INCREASING seeding rates and sowing wheat varieties earlier were identified as strategies for success in a shallow stony soil trial conducted for the past two seasons in the northern Mallee.
Supported by Wunkar Agricultural Bureau and funded by the SA Murray-Darling Basin Natural Resources Management board and the National Landcare Program, Loxton-based agronomist Chris McDonough conducted the trial on Wunkar farmer Peter Heinrich’s property.
Mr McDonough said the trial’s purpose was to evaluate management strategies that growers could utilise on shallow stony soil areas, such as seeding times, seeding rates and targeting short versus mid-season varieties, to maximise yields and minimise risk in seasons with higher moisture stress.
“Shallow stony soils are a large percentage of SA cropping soils and it has low plant available water holding capacity. This means that crops and pastures are highly vulnerable to periods of moisture stress throughout the growing season,” Mr McDonough said.
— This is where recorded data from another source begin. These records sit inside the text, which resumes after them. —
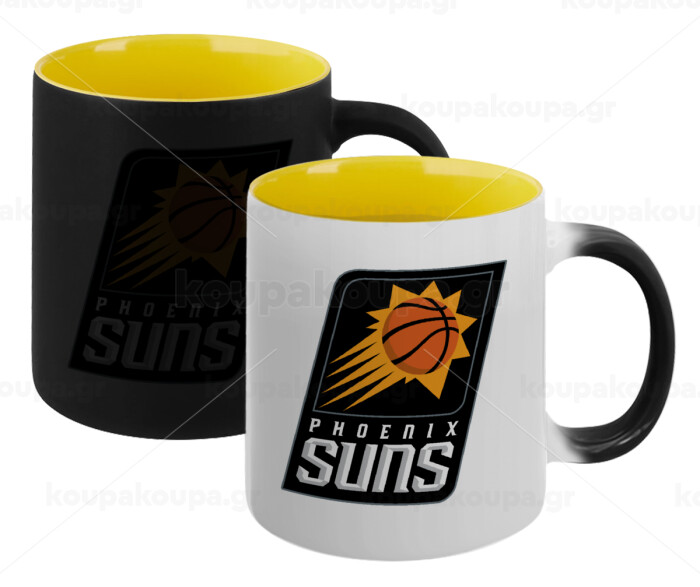 Phoenix Suns, Κούπα Μαγική εσωτερικό κίτρινη, κεραμική 330ml που αλλάζει χρώμα με το ζεστό ρόφημα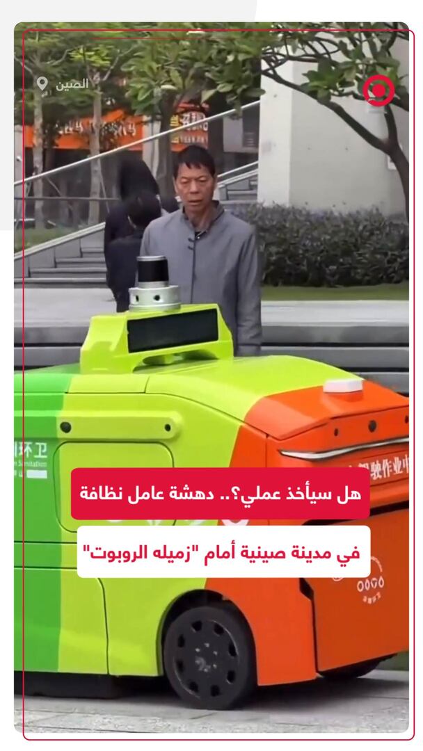 مقطع مصور من مدينة شنجن الصينية يلقى تفاعلا واسعا على مواقع التواصل، يظهر فيه عامل نظافة وهو يحدّق بدهشة في "زميله" الروبوت المخصص لتنظيف الشوارع. #شنجن #الصين #روبوت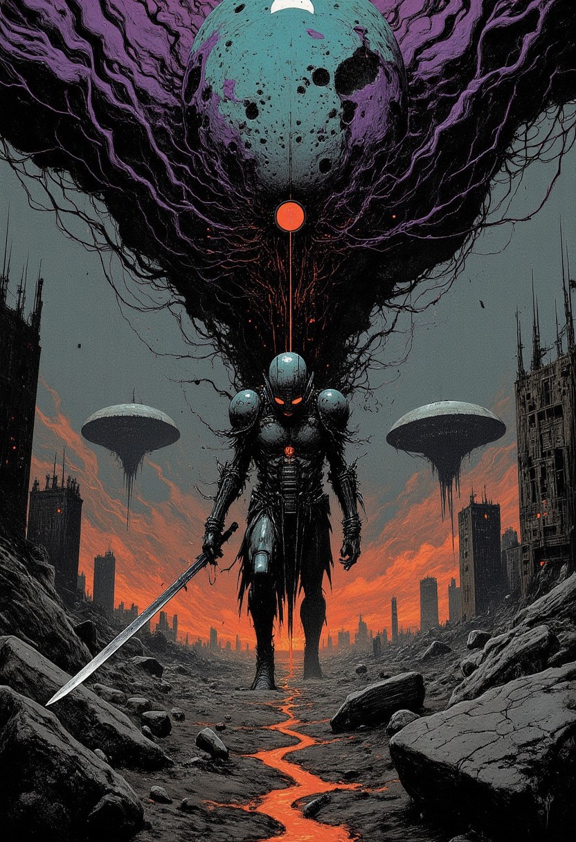 A shattered dystopian metropolis sprawls beneath a storm-torn sky, where turbulent clouds churn with streaks of violet and fiery orange, illuminated by jagged lightning that cuts through the gloom. The air is alive with the chaos of a soulstorm—an ethereal tempest of swirling, spectral energy that spirals through the ruins, its glowing trails pulsing with hues of cyan, crimson, and ghostly silver. Sharp, directional lighting breaks through the chaos, casting dramatic shadows that ripple across the cracked surfaces of the decayed cityscape. In the foreground, a close-up reveals a lone figure standing amidst the storm. His armor, a blend of matte black plating and glowing red circuitry, glistens with droplets of rain and spectral light as arcs of energy reflect off its surface. The figure grips a humming plasma blade, its shifting magenta glow illuminating their tense posture and the twisted tendrils of fog that coil around his feet.His visor flashes with a faint amber glow, concealing their expression as the storm’s howling winds whip past them. Behind, colossal drones hover silently, their searchlights cutting through the haze, while towering ruins flicker with remnants of holographic propaganda. The soulstorm intensifies, lightning illuminating the ghostly forms of spectral beings caught within its grasp, their haunting wails echoing across the desolate landscape. The figure’s silhouette stands defiant, a stark contrast against the chaos and destruction swirling around them.

The trial sites were sown with early wheat variety Emu Rock, and later maturing wheat varieties Yitpi in 2016 and Estoc in 2017.
In 2016, trial areas were sown on May 12 and May 27, and in 2017 wheat varieties were sown on May 20 and July 7, because of the late season opening rainfall.
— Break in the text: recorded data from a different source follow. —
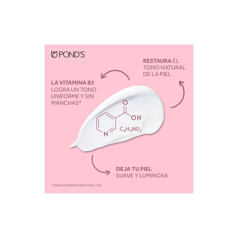 Cuida y protege tu piel con la crema facial Pond's Clarant B3 SPF 15. Su fórmula humecta sin sensación grasosa y desvanece las manchas en la piel causadas por el sol.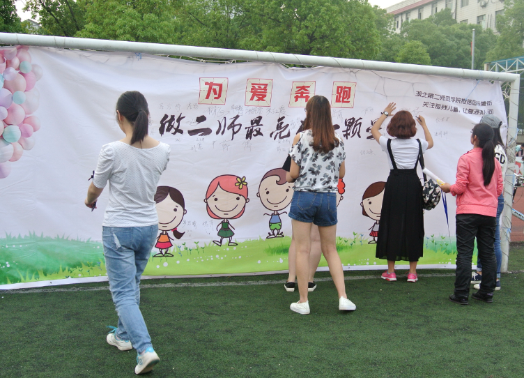 活动还未开始,足球场上的签名墙便吸引了一大波同学的眼球。参与者们纷纷在签名墙上,签下自己的名字,“做二师最闪亮的星”,为这场公益活动奉献自己的爱心。本次活动准备了一系列的荧光装备,包括荧光棒、荧光头饰等,希望能够借此吸引更多同学参与进来。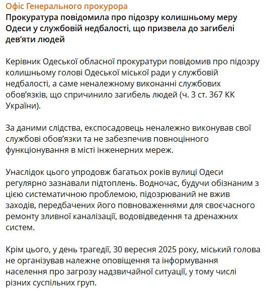 Прокуратура официально подтвердила, что бывший мэр Одессы Геннадий Труханов получил подозрение в служебной халатности, которая привела к гибели девяти человек во время недавнего потопа в городе.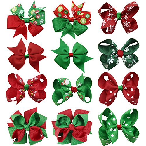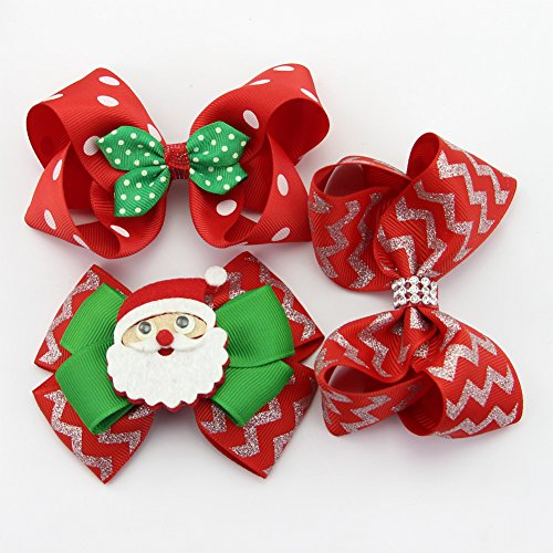 | (QtGirl)/Accessories/Hair Accessories/DIRECT FROM USA/QtGirl 4-12pcs Mixed Christmas Hair Bows Clips For Baby Girls Teens Festival Hair Accessories B... |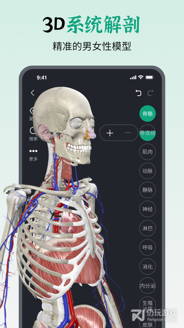 1、高清的3D人体模型,支持触摸和手势控制操作,帮助用户更快、更全面的学习人体解剖结构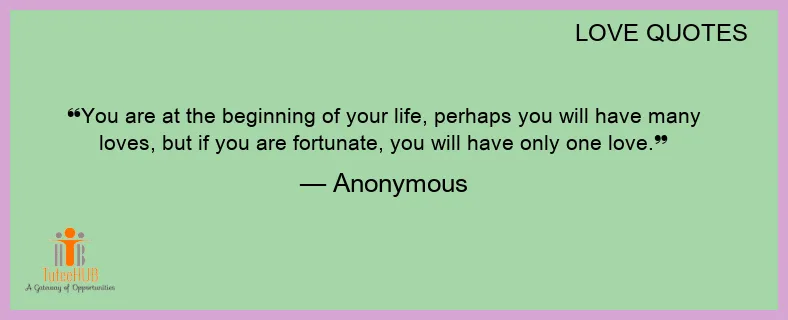 You are at the beginning of your life, perhaps you will have many loves, but if you are fortunate, you will have only one love.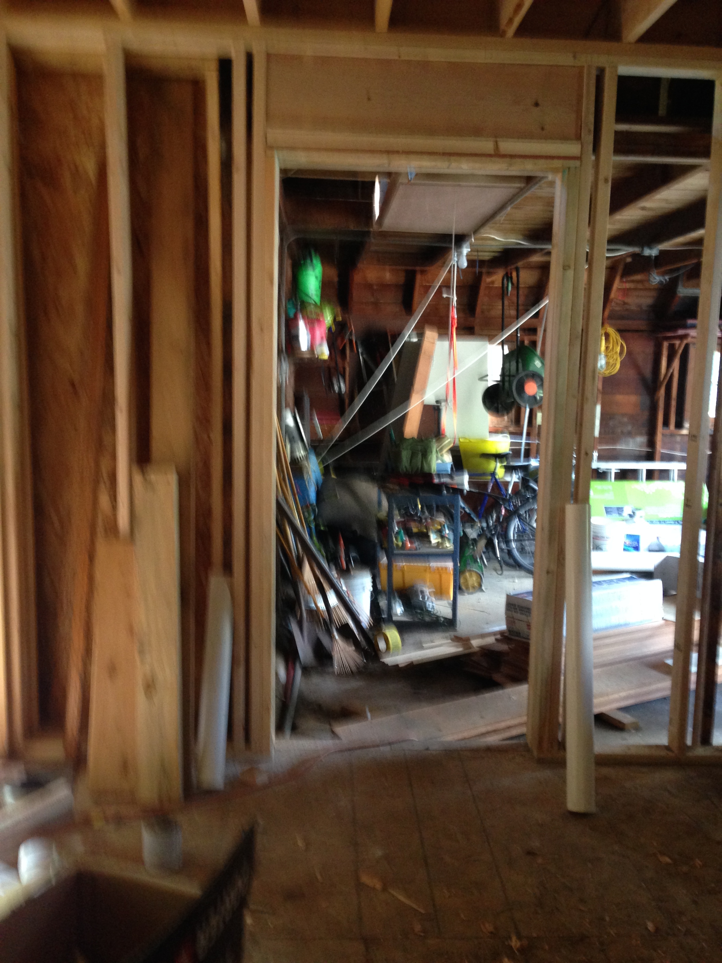 Yup. That’s the inside of the garage at the end of the view (past the still-boxed kitchen cabinets and the hollowed out future mudroom). Al fresco.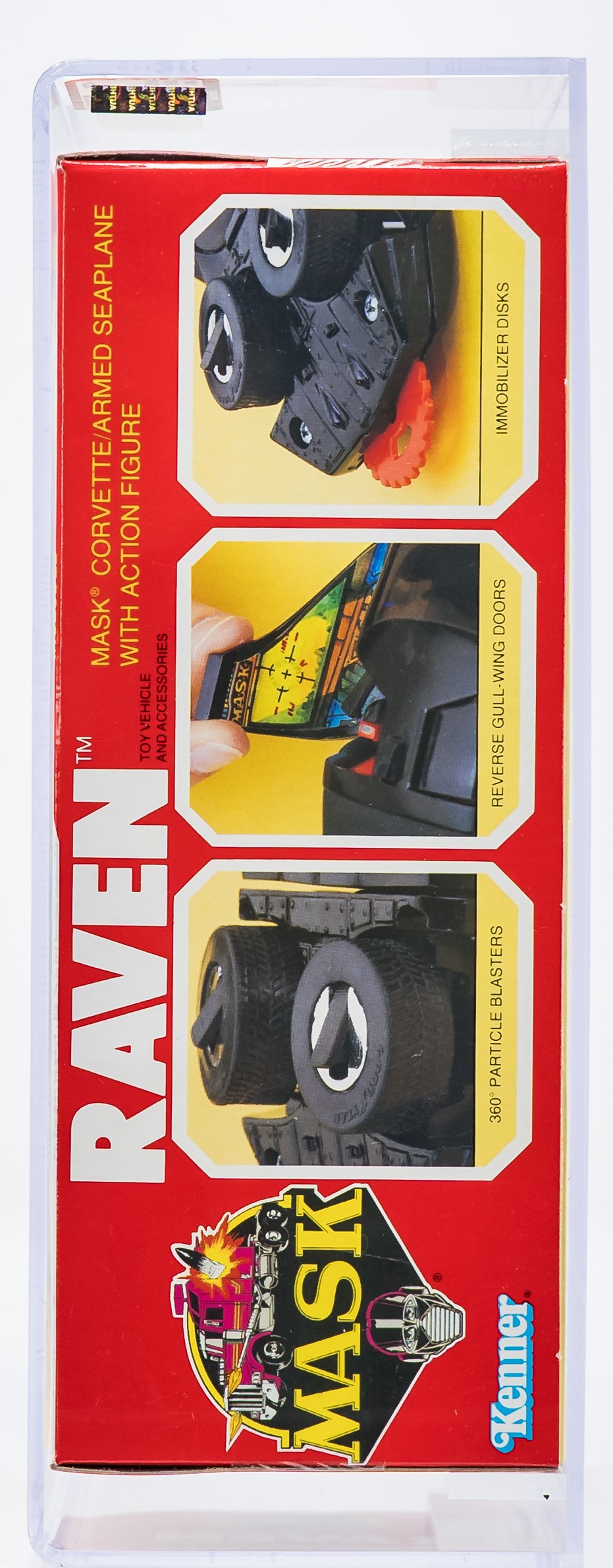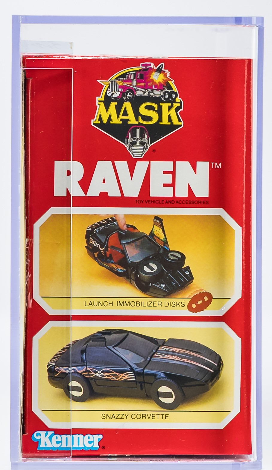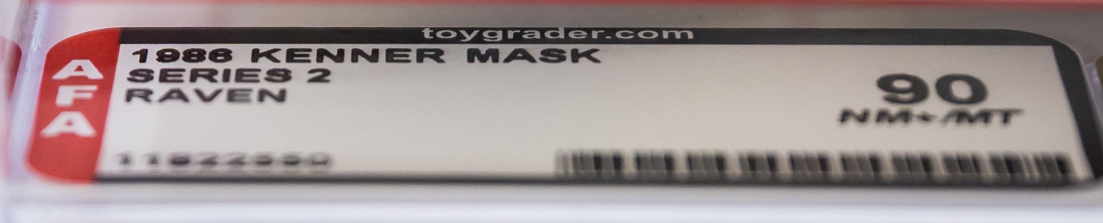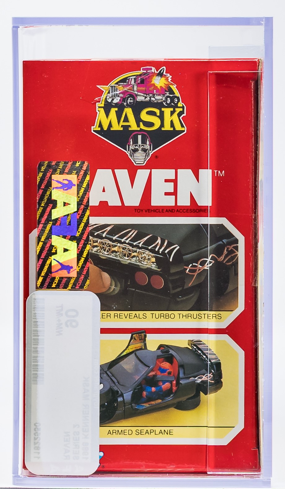Exceptional Series 2 MISB Raven from Kenner’s MASK toyline in 1986. Gorgeous example with few imperfections. Top, bottom, and sides are firmly factory tape sealed. No colorbreak along the front edges. This is the only AFA graded Raven currently available in any marketplace. Encapsulated by AFA (90), #11822550

Mr McDonough said it was previously thought that a lower number of plants a square metre on stony soils would result in reduced soil water demand from crops, and preserve more moisture into spring when the soil type was most vulnerable to moisture deficit.
But the trial found plots sown at a lower seeding rate of 40 kilograms a hectare to 50kg/ha compensated by growing more tillers, leading to a similar level of stems and heads as the higher seeding rate plots going into spring.
“In the wet 2016 season, the higher seeding rate plots averaged 10 per cent higher yielding,” Mr McDonough said.
“The dry finish in 2017 led to higher head abortion in the low seeding rate plots and the plots with a higher seeding rate, at 60-75kg/ha, had more primary stems with fuller heads, and less tillers,” he said.
Increased salt levels revealed
Third-generation farmer Peter Heinrich, Wunkar, has battled the challenges of cropping on shallow stony soil for more than 30 years, so was eager to help conduct a trial on his property to find solutions.
Mr Heinrich said there had been limited research conducted on stony soils in low rainfall regions receiving less than 300 millimetres a year.
Mr Heinrich is a conventional farmer and crops about 2600 hectares, and also runs 1400 Merino ewes.
“We sow at about 55 kilograms a hectare to 60kg/ha but the higher sowing rate in the trial was at about 70kg/ha and that is just too high for us because of the risk,” he said.
The trial area also exhibited large bare patches that did not grow any crop during the two seasons.
Soil tests revealed that these patches had up to five times the salinity levels in the top 10 centimetres of soil when compared with the surrounding crop growing areas.